__DESCRIPTION OF THE TASK__.
Everything in the records below from the line containing "На Твитер беа" through the line containing "The exterior is" is to be reproduced exactly, those two lines included; no picture is to be copied.

§ §

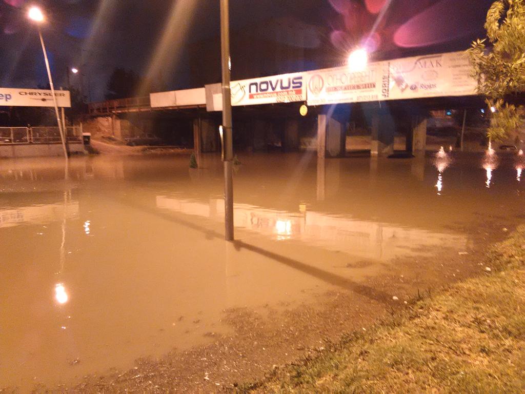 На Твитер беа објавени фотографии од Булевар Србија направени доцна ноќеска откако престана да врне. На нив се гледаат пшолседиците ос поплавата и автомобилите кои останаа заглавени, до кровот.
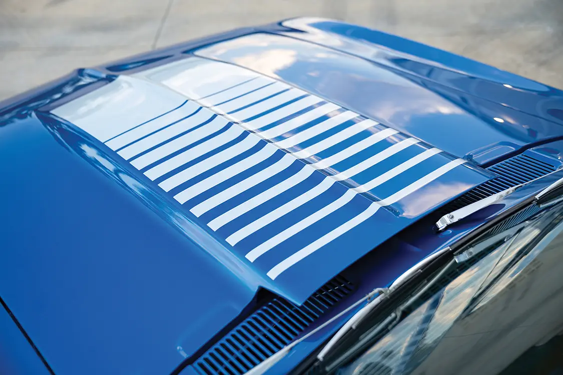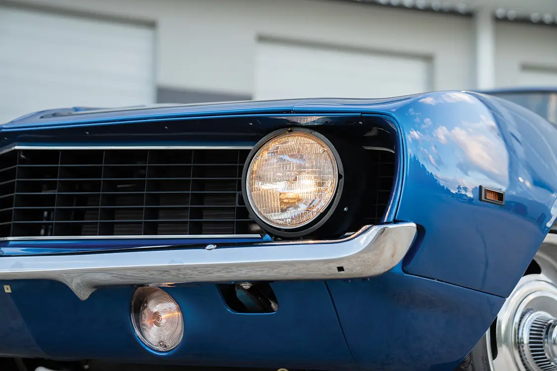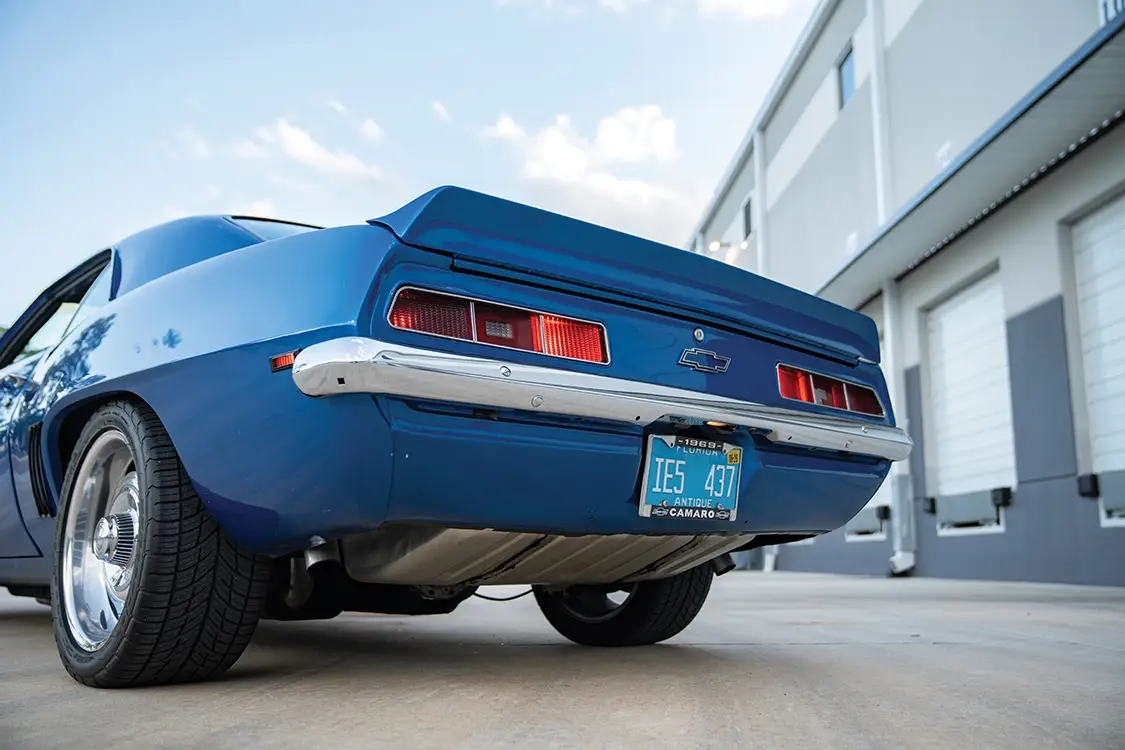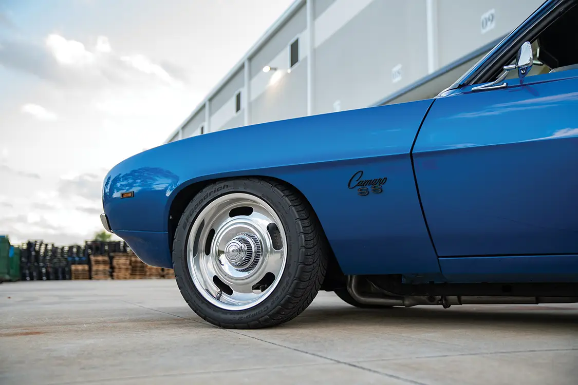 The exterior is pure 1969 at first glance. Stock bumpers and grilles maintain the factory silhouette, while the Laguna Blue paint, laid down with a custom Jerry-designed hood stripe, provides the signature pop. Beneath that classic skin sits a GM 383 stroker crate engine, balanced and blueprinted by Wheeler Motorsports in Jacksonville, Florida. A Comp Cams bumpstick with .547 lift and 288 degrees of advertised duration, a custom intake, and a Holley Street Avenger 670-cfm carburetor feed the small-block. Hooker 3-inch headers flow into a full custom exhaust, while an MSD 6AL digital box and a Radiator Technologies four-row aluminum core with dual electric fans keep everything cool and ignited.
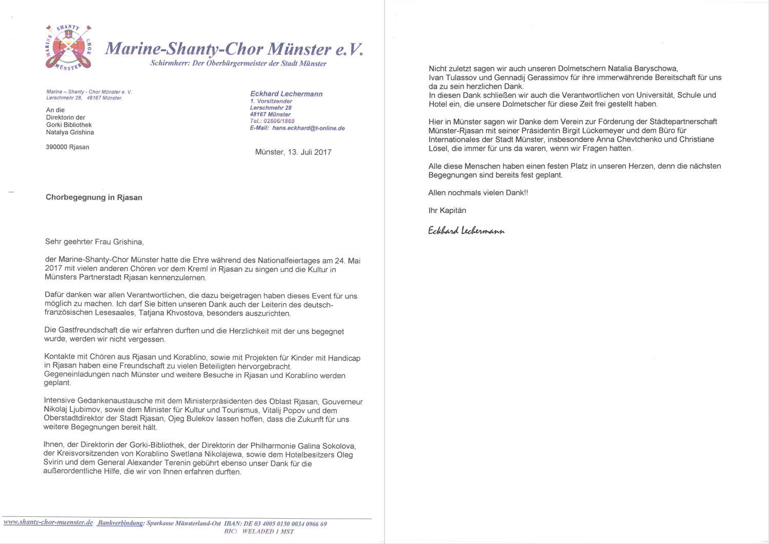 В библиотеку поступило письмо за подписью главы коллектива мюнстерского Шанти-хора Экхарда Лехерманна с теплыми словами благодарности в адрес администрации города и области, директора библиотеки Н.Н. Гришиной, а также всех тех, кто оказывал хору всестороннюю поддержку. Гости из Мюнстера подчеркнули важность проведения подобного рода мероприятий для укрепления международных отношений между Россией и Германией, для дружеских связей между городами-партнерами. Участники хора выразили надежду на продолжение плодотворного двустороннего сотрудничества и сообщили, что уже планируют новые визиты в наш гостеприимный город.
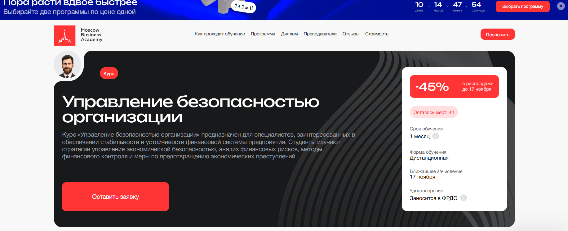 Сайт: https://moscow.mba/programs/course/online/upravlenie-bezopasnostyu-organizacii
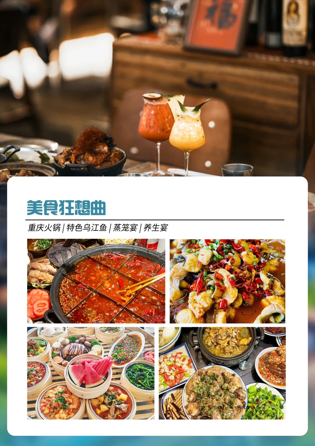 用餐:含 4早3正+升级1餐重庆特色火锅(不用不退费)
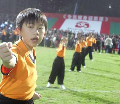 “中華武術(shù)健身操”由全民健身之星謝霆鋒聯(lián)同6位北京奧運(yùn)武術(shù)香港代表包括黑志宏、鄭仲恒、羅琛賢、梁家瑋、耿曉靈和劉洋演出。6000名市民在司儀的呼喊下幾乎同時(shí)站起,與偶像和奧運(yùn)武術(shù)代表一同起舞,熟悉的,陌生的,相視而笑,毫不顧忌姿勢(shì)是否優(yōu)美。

§ §

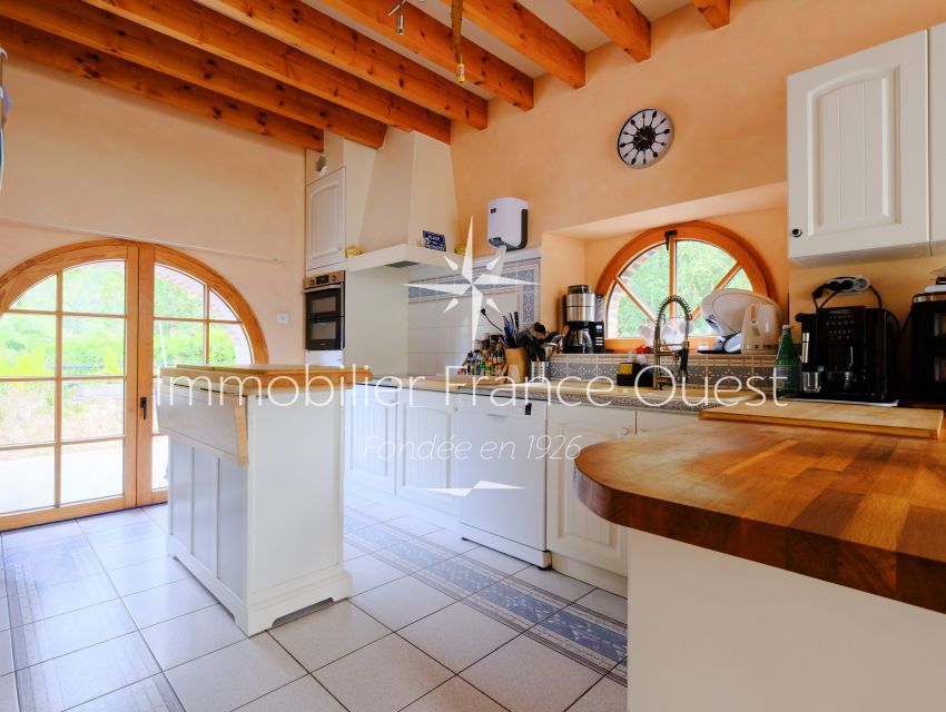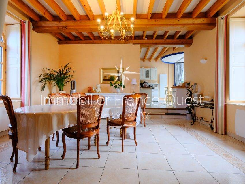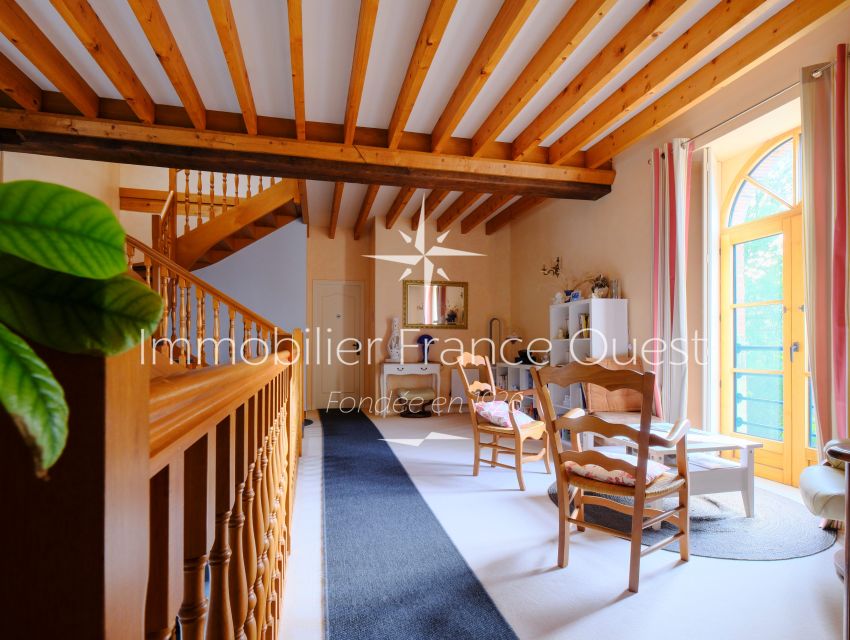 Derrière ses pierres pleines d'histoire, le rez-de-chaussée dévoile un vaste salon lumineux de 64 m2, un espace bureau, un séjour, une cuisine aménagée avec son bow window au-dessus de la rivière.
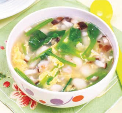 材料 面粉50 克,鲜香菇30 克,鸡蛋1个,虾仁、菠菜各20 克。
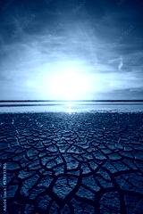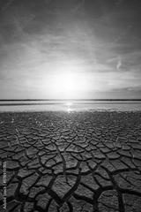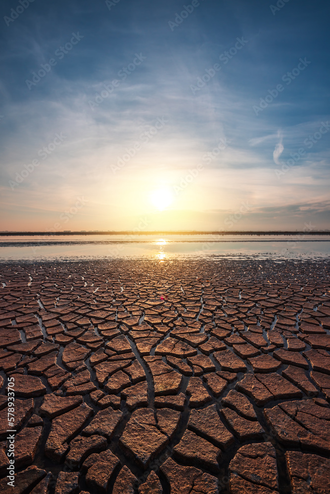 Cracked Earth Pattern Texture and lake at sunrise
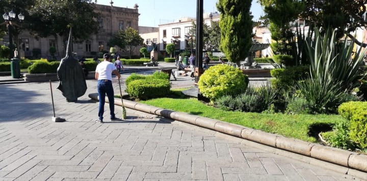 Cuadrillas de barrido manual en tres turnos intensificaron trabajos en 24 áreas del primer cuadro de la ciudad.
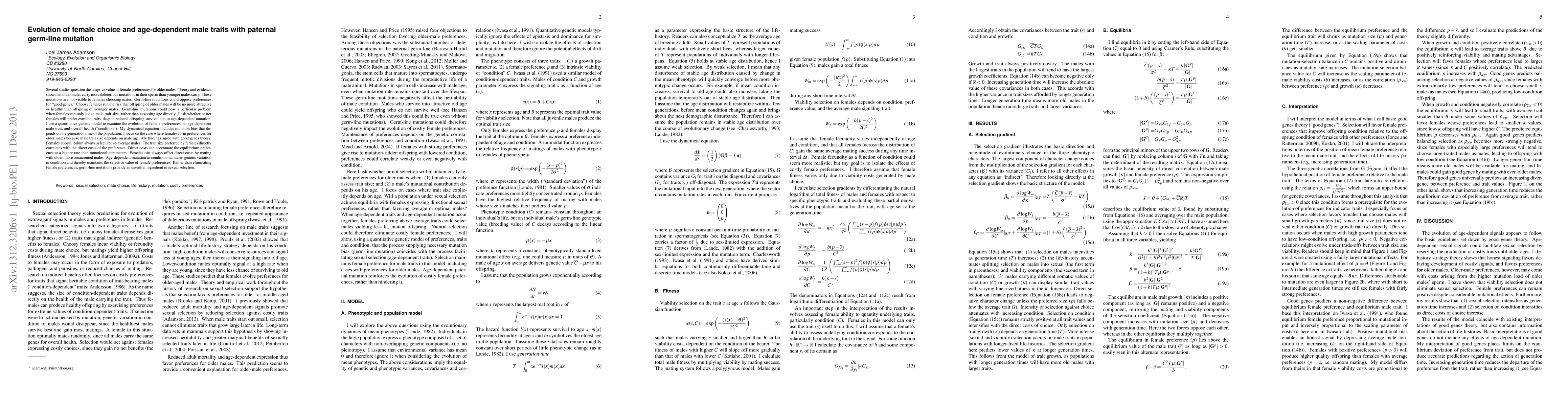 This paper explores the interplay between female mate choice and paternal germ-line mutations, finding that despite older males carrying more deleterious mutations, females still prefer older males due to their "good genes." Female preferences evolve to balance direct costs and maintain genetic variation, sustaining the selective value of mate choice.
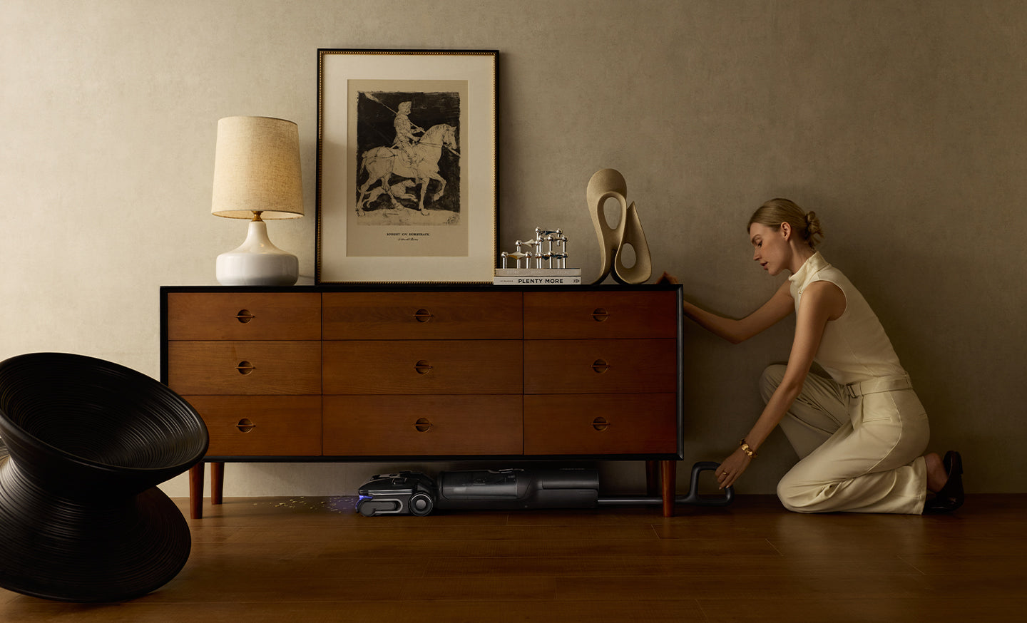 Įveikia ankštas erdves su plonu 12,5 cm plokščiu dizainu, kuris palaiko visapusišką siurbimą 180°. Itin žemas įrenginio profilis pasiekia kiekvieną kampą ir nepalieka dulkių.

§ §

__RESPONSE TO THE EXERCISE__.
 На Твитер беа објавени фотографии од Булевар Србија направени доцна ноќеска откако престана да врне. На нив се гледаат пшолседиците ос поплавата и автомобилите кои останаа заглавени, до кровот.
 The exterior is pure 1969 at first glance. Stock bumpers and grilles maintain the factory silhouette, while the Laguna Blue paint, laid down with a custom Jerry-designed hood stripe, provides the signature pop. Beneath that classic skin sits a GM 383 stroker crate engine, balanced and blueprinted by Wheeler Motorsports in Jacksonville, Florida. A Comp Cams bumpstick with .547 lift and 288 degrees of advertised duration, a custom intake, and a Holley Street Avenger 670-cfm carburetor feed the small-block. Hooker 3-inch headers flow into a full custom exhaust, while an MSD 6AL digital box and a Radiator Technologies four-row aluminum core with dual electric fans keep everything cool and ignited.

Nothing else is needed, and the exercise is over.